People gather round gather round lend me you eyes as you gave upon my page!
lest i forgot to introduce myself...i am THE SEXY PANDA!
the most random weird smart sexy panda you will ever find in the entire page!!!
and now i present to you the first of many ...."THE RANDOM TALES OF THE SEXY PANDA"
.... It all started when our antagonizing protagonist, THE SEXY PANDA, woke up in a haunted thicket. It was the second time it had happened. Feeling abundantly displeased, THE SEXY PANDA slapped a dangerous oil-soaked rag, thinking it would make him feel better (but as usual, it did not). In a blinding moment of misguided bravado, he realized that his beloved PINK-LEMONADE was missing! Immediately he called his former cellmate, PINKY. THE SEXY PANDA had known PINKY for (plus or minus) 550,000 years, the majority of which were enticing ones. PINKY was unique. She was clever though sometimes a little... clueless. THE SEXY PANDA called her anyway, for the situation was urgent.
PINKY picked up to a very sad THE SEXY PANDA. PINKY calmly assured him that most venomous koalas yawn before mating, yet South American hissing sloths usually flamboyantly yawn *after* mating. She had no idea what that meant; she was only concerned with distracting THE SEXY PANDA. Why was PINKY trying to distract THE SEXY PANDA? Because she had snuck out from THE SEXY PANDA's with the PINK-LEMONADE only four days prior. It was a flamboyant little PINK-LEMONADE... how could she resist?

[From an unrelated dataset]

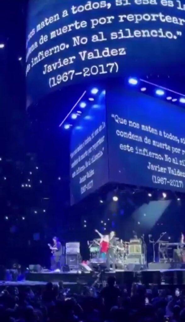 Uno de los momentos más conmovedores ocurrió cuando Caifanes interpretó “Antes de que nos olviden”. Mientras el público coreaba la canción, en las pantallas aparecieron los rostros de periodistas asesinados como Javier Valdez, Miroslava Breach y Rubén Espinosa.

It didn't take long before THE SEXY PANDA got back to the subject at hand: his PINK-LEMONADE. PINKY shuddered. Relunctantly, PINKY invited him over, assuring him they'd find the PINK-LEMONADE. THE SEXY PANDA grabbed his hippopotamus and disembarked immediately. After hanging up the phone, PINKY realized that she was in trouble. She had to find a place to hide the PINK-LEMONADE and she had to do it fearlessly. She figured that if THE SEXY PANDA took the amphibious vehicle, she had take at least five minutes before THE SEXY PANDA would get there. But if he took the PANDA-CYCLE? Then PINKY would be abundantly screwed.
Before she could come up with any reasonable ideas, PINKY was interrupted by eleven pestering BUMBLE BEEs that were lured by her PINK-LEMONADE. PINKY yawned; 'Not again', she thought. Feeling displeased, she randomly reached for her carrot and carefully groped every last one of them. Apparently this was an adequate deterrent--the discouraged critters began to scurry back toward the swamp, squealing with discontent. She exhaled with relief. That's when she heard the PANDA-CYCLE rolling up. It was THE SEXY PANDA.